- _The problem_: With the line containing "The glossy, square" as the final line, restate exactly every line of the data below from the first one onward, and copy no pictures.

- _Supplied material_:

- - - - - - -

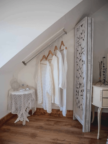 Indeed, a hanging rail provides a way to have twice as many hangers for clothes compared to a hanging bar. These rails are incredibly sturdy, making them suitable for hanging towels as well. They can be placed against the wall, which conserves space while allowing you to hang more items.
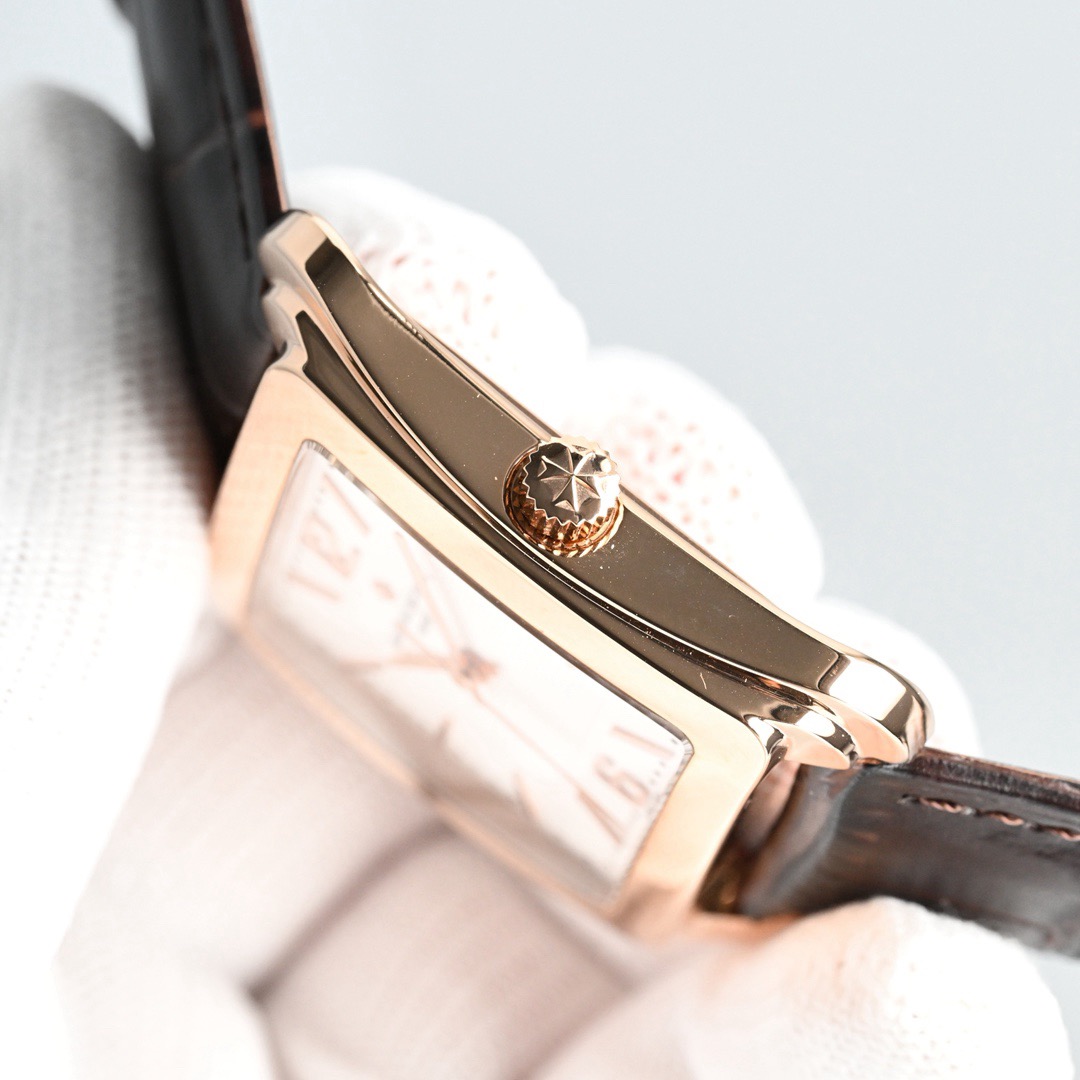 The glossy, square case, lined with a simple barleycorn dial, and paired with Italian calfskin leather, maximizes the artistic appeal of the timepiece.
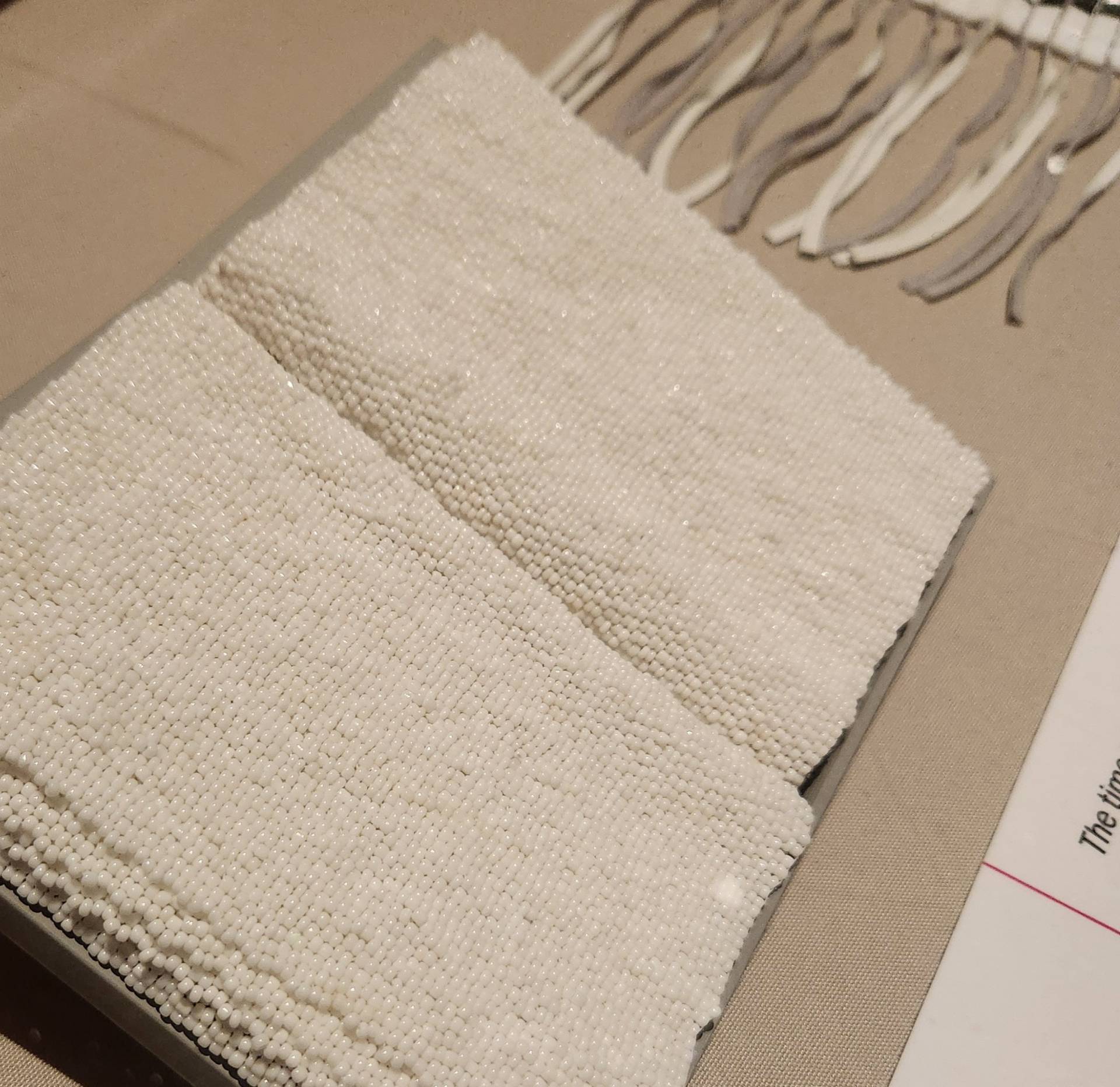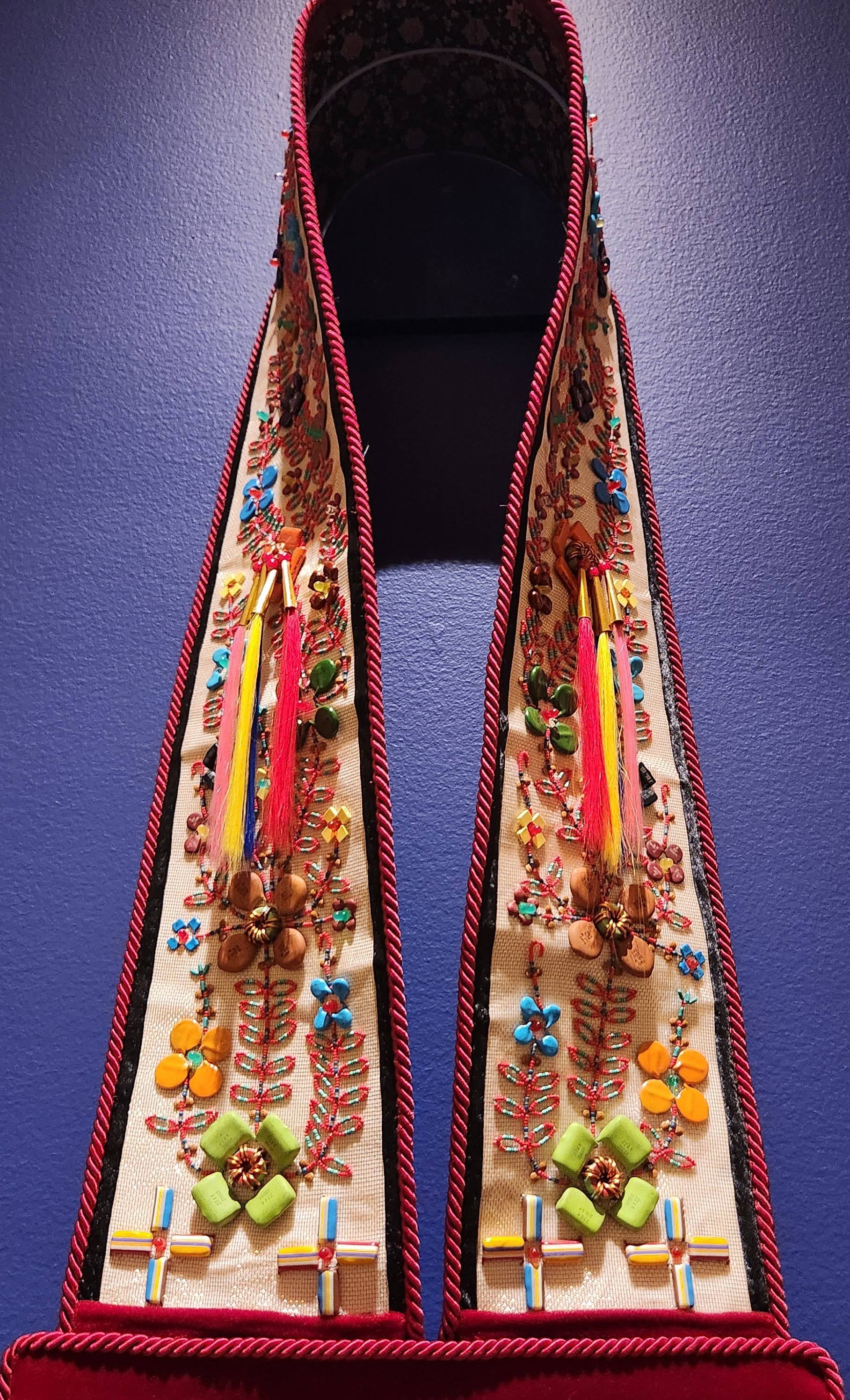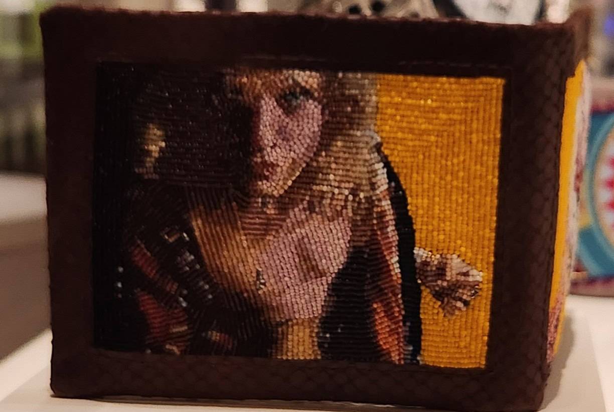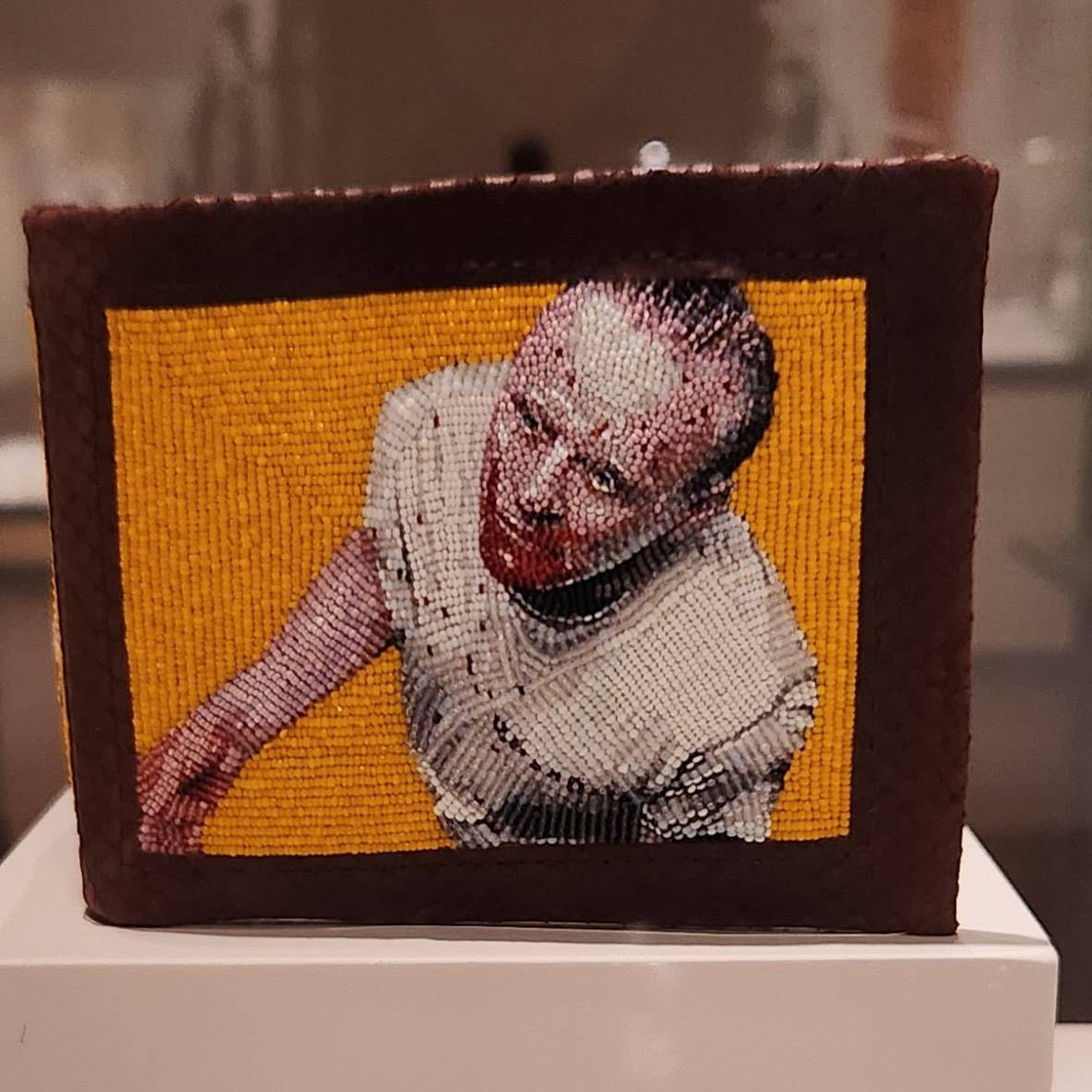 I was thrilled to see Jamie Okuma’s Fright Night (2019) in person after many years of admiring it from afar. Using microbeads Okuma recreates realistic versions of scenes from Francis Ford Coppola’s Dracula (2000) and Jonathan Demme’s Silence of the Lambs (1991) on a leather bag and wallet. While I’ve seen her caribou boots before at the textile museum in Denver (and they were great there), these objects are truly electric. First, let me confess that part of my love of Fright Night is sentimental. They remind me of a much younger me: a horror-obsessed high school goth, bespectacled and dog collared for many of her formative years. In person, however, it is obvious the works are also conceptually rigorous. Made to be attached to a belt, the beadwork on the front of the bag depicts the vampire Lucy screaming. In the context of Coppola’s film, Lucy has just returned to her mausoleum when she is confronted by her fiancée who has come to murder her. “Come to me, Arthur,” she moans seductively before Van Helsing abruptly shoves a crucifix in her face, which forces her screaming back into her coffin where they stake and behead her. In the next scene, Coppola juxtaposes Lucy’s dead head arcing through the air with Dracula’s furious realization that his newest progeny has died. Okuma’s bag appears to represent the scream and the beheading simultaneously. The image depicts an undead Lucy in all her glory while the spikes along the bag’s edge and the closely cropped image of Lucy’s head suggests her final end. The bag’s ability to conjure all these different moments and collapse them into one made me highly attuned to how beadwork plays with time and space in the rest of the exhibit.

- - - - - - -

- _Solution to this task_:
 Indeed, a hanging rail provides a way to have twice as many hangers for clothes compared to a hanging bar. These rails are incredibly sturdy, making them suitable for hanging towels as well. They can be placed against the wall, which conserves space while allowing you to hang more items.
 The glossy, square case, lined with a simple barleycorn dial, and paired with Italian calfskin leather, maximizes the artistic appeal of the timepiece.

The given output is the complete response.